Текст книги "Тот, кто называл себя О.Генри"
Автор книги: Николай Внуков
Жанр:
Биографии и мемуары
сообщить о нарушении
Текущая страница: 14 (всего у книги 16 страниц)
Билл достал из кармана горсть монет и высыпал их на стол. Он долго и внимательно разглядывал деньги. В чем их сила? Почему люди тратят иногда целую жизнь, чтобы накопить их побольше? Он выбрал из кучки одну монету с тусклым желтоватым профилем Линкольна и прочитал слова, полные «великого смысла», как учат в школе: «Бог дарует нам свободу».
Изречение показалось ему ханжеским. Во всяком случае, оно не подходило к гордому лицу и плотно сжатым губам Линкольна. Он ссыпал монеты обратно в карман и придвинул к себе листы рукописи.
«Рабочий день бушевал все яростнее, – начал писать он. – На бирже топтали и раздирали на части с полдюжины акций разных наименований, в которые клиенты Гарви Максвелла вложили крупные деньги. Приказы на продажу и покупку летали взад и вперед, как ласточки. Опасности подвергалась часть собственного портфеля Максвелла, и он работал полным ходом, как сложная, тонкая и сильная машина. Слова, решения, поступки следовали друг за другом с быстротой и четкостью часового механизма. Акции и обязательства, займы и фонды, закладные и ссуды – это был мир денег, и в нем не было места ни для мира человека, ни для мира природы».
В углу на маленьком столике зазвонил телефон.
Билл поморщился: он забыл его выключить, когда начал работу.
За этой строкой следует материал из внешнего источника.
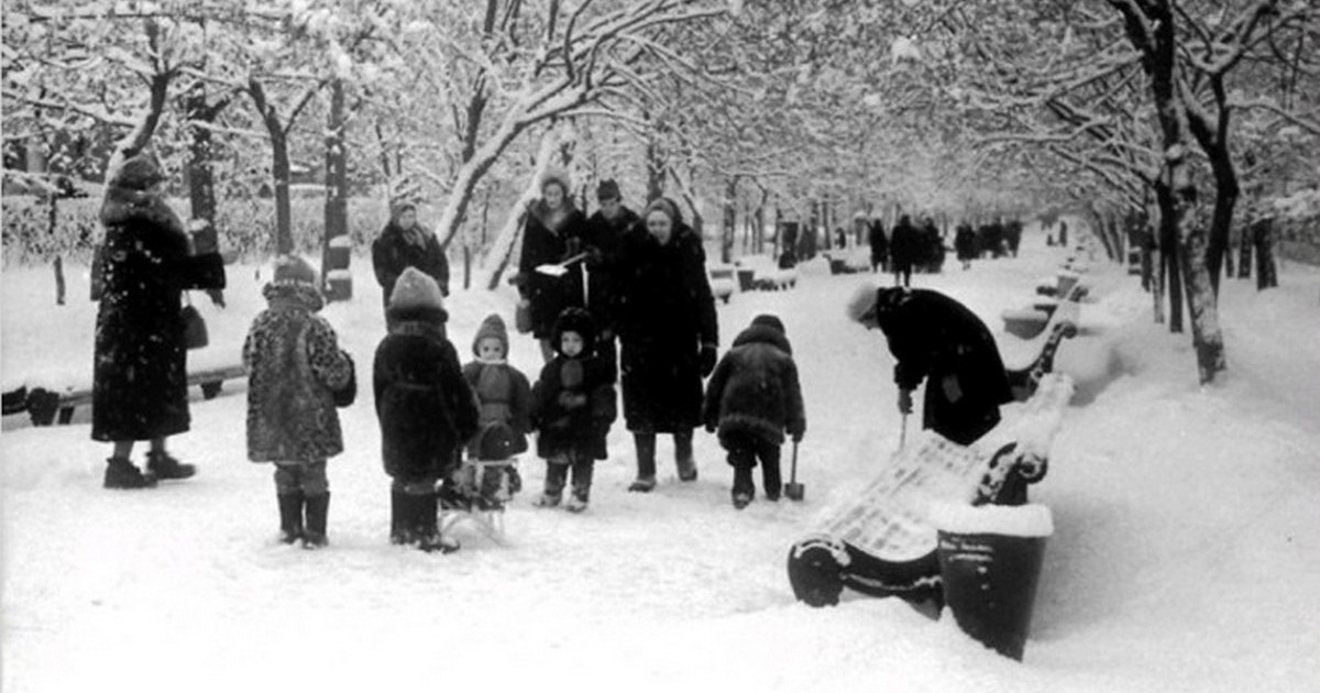 Посиделки зимой на скамейке на театральном проезде в 1950-х годах.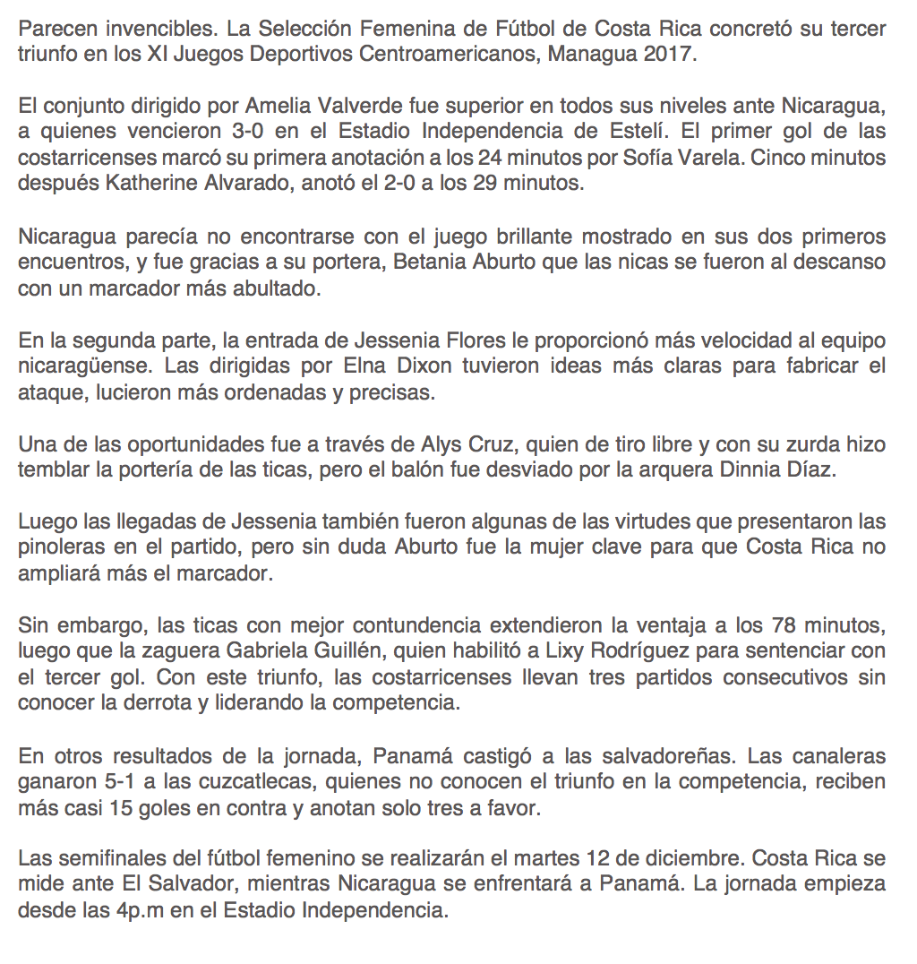 Definidas las semifinales en el Torneo femenino de los Juegos Centroamericanos

– Алло, это «Каледония», двадцать восемь, Запад, Двадцать шестая улица?
– Да, это называется так.
– Мне нужен Вильям Сидней Портер.
– Он слушает вас.
– О, это вы, Билл? Я полдня разыскиваю вас по всему городу. Я совсем забыл, что вас теперь зовут О. Генри, и всех спрашиваю о Портере, и никто мне толком ничего не может ответить. Десять минут назад я заскочил в Литературный клуб, загнал в угол какого-то толстяка по имени Боб Дэвис и выжал из него номер вашего телефона. Я всего сутки в городе и…
– Господи, это вы, полковник? – вскрикнул Билл. – Вы в Литературном клубе? Эль, дорогой, постойте, не выходите оттуда никуда ни на секунду. Я сейчас буду с вами! Через пятнадцать минут.
Он заметался по комнате, нашел синий галстук, перчатки, трость, одеваясь, переминался от нетерпения с ноги на ногу перед зеркалом, и лицо у него было красное от возбуждения и счастливое.
На Дженнингсе был великолепный синий костюм, лицо его округлилось, кожа уже не шелушилась, как раньше, а стала мягкой и матовой. Только волосы оставались прежними – ярко-рыжими и жесткими.
Они уселись за столик в кафе Литературного клуба втроем: Эль, Билл и Дэвис.
– Ну как? – спросил Билл. – Вам все-таки удалось повидать президента?
Эль покосился на Дэвиса. Ему было явно неловко начинать разговор при постороннем.
– Не смущайтесь, – сказал Билл. – Боб знает многое из наших приключений.
Тогда все в порядке, – сказал Эль. – Ребята, я – полноправный человек. Я видел президента и разговаривал с ним.
Эль, расскажите нам об этом так, как вы умеете рассказывать. Слушайте, Боб. Больше такого вы никогда не услышите.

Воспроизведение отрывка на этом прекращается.